** Opening EXTRACTED INFORMATION block **

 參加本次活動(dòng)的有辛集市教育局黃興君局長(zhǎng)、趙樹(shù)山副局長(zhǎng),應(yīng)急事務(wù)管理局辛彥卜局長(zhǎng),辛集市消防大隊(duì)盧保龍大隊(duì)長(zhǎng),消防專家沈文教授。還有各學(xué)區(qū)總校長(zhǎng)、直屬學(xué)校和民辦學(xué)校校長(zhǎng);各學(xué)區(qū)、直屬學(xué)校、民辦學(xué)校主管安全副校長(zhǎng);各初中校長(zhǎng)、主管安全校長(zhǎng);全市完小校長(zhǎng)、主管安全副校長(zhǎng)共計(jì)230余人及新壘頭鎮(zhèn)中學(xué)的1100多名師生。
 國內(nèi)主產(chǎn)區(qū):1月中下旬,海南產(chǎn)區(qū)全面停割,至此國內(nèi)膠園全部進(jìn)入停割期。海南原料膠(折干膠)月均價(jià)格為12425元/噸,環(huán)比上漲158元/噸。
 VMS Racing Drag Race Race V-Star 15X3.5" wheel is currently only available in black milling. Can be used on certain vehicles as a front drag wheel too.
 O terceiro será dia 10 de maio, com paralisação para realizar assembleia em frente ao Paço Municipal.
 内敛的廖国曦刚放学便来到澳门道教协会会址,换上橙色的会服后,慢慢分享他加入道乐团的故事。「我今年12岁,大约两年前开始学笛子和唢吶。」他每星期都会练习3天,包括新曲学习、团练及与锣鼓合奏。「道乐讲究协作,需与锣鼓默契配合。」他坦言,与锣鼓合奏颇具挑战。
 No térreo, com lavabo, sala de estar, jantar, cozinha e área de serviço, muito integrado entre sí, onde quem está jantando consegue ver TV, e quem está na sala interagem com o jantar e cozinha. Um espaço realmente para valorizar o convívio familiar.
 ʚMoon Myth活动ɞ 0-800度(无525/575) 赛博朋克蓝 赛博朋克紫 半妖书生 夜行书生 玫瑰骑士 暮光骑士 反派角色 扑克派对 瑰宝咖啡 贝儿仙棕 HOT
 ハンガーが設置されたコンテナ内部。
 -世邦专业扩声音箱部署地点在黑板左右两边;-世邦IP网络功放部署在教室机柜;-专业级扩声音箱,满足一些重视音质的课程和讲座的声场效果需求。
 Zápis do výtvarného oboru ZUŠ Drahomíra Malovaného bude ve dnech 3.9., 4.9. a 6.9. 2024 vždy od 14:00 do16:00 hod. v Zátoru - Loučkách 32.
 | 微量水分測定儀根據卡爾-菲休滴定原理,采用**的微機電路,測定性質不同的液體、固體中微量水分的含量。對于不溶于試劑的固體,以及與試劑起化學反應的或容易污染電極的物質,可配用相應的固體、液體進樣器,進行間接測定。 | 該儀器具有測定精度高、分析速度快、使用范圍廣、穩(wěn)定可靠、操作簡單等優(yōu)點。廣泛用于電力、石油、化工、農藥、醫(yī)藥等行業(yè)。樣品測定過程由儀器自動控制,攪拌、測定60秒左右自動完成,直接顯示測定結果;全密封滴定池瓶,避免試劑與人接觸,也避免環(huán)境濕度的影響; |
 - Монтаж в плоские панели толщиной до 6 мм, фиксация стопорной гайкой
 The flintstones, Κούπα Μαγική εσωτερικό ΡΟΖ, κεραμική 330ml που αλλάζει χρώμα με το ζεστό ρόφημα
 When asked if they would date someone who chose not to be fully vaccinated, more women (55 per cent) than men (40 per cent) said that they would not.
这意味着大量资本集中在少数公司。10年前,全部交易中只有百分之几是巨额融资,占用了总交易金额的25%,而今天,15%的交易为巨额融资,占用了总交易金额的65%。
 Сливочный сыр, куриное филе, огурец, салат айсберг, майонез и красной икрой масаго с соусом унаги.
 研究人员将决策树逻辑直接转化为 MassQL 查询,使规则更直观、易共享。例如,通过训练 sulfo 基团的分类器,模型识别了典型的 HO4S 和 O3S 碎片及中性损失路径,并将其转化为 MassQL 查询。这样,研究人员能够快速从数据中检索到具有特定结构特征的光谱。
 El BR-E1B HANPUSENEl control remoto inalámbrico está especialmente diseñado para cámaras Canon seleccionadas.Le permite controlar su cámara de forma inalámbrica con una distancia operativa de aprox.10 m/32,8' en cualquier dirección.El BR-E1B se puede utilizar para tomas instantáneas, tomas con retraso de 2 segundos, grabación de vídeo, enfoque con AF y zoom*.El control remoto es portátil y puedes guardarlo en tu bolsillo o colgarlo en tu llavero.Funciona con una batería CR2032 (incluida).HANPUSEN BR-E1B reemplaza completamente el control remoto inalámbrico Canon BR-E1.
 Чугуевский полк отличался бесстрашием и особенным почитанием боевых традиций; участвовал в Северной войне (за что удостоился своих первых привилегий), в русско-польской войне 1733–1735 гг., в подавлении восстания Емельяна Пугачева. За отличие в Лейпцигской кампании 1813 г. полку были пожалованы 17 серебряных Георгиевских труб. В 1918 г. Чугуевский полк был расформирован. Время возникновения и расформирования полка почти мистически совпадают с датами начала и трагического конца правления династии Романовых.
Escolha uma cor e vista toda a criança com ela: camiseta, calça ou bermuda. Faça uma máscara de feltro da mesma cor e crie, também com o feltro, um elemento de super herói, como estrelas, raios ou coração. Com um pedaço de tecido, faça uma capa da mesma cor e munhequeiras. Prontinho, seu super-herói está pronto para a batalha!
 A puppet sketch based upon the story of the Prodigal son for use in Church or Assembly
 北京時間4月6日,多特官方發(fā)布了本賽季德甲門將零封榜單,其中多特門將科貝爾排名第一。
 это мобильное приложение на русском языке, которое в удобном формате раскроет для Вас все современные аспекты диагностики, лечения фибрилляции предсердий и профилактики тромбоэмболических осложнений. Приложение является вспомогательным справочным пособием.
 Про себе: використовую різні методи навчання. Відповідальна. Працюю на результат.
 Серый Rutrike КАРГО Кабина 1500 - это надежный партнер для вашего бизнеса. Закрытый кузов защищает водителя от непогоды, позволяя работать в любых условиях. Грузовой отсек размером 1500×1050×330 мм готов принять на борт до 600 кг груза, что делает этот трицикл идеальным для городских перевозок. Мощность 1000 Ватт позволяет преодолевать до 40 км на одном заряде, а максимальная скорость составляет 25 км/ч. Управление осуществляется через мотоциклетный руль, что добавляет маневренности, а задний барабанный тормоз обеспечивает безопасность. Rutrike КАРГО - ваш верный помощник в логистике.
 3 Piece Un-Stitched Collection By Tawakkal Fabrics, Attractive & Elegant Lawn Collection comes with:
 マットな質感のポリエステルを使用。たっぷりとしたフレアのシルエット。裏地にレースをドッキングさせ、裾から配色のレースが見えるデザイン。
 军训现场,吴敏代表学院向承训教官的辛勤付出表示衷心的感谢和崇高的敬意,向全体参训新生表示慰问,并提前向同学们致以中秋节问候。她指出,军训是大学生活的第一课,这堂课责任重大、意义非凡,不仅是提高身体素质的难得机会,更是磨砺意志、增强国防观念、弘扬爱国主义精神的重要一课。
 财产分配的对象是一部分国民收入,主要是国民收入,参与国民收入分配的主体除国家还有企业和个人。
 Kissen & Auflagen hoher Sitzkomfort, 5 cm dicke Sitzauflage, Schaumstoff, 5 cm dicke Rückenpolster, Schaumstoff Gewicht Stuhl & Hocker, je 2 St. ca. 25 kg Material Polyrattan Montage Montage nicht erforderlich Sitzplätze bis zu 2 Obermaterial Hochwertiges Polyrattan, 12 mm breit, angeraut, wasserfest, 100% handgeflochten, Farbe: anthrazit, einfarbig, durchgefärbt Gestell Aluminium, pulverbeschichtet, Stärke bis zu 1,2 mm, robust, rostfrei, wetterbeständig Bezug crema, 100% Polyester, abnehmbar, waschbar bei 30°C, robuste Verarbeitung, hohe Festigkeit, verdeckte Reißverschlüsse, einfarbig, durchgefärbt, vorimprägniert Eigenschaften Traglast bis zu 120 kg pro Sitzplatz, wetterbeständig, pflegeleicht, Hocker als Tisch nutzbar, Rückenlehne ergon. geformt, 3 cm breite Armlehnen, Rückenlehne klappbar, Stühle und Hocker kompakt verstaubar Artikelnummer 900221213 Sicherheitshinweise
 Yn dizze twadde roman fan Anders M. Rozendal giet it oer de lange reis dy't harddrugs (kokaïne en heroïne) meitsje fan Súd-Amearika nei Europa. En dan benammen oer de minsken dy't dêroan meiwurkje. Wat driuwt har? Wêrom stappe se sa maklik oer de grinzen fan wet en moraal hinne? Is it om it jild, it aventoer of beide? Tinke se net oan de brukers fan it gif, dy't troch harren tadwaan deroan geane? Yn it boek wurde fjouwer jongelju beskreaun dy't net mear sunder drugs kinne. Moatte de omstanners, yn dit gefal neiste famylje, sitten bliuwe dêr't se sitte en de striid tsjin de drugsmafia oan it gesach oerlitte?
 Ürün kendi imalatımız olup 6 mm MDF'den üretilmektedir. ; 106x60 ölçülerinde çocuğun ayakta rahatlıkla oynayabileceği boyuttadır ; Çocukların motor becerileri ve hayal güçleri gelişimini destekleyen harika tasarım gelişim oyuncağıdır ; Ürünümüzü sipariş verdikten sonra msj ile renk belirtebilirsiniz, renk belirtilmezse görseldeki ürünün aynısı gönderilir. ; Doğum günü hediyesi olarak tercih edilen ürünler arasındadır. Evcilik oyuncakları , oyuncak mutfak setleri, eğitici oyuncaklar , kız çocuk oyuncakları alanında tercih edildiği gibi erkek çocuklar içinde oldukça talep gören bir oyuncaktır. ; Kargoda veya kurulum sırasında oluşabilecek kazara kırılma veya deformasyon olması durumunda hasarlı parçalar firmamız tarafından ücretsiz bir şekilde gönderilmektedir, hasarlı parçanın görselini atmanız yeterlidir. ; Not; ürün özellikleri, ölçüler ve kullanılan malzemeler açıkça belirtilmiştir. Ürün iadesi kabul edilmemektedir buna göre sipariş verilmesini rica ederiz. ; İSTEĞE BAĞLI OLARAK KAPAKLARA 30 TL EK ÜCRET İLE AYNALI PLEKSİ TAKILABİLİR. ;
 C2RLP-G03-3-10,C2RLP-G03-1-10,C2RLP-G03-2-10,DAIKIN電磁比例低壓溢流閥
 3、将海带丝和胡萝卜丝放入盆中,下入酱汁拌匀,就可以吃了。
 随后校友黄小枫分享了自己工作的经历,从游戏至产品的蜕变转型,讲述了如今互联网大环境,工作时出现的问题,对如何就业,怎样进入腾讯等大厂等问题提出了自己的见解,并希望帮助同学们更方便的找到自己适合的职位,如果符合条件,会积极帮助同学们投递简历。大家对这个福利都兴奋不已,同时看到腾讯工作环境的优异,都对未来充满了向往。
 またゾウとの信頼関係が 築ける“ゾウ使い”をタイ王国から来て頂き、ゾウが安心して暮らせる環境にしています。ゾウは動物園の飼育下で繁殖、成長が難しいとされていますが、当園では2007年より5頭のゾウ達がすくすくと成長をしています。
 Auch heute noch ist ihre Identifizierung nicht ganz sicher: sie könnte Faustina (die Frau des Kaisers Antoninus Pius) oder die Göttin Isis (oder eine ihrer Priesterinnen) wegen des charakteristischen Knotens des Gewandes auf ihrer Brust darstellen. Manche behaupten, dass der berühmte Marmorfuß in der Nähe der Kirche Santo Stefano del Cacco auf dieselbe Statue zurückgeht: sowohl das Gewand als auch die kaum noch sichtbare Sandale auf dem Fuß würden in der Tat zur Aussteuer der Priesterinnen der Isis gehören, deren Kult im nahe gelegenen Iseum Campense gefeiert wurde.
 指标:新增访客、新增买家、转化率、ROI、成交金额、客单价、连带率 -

** Closing EXTRACTED INFORMATION block **

Would you copy every line of the entries that includes the word "huán"?

 國內(nèi)主產(chǎn)區(qū):1月中下旬,海南產(chǎn)區(qū)全面停割,至此國內(nèi)膠園全部進(jìn)入停割期。海南原料膠(折干膠)月均價(jià)格為12425元/噸,環(huán)比上漲158元/噸。
 | 微量水分測定儀根據卡爾-菲休滴定原理,采用**的微機電路,測定性質不同的液體、固體中微量水分的含量。對于不溶于試劑的固體,以及與試劑起化學反應的或容易污染電極的物質,可配用相應的固體、液體進樣器,進行間接測定。 | 該儀器具有測定精度高、分析速度快、使用范圍廣、穩(wěn)定可靠、操作簡單等優(yōu)點。廣泛用于電力、石油、化工、農藥、醫(yī)藥等行業(yè)。樣品測定過程由儀器自動控制,攪拌、測定60秒左右自動完成,直接顯示測定結果;全密封滴定池瓶,避免試劑與人接觸,也避免環(huán)境濕度的影響; |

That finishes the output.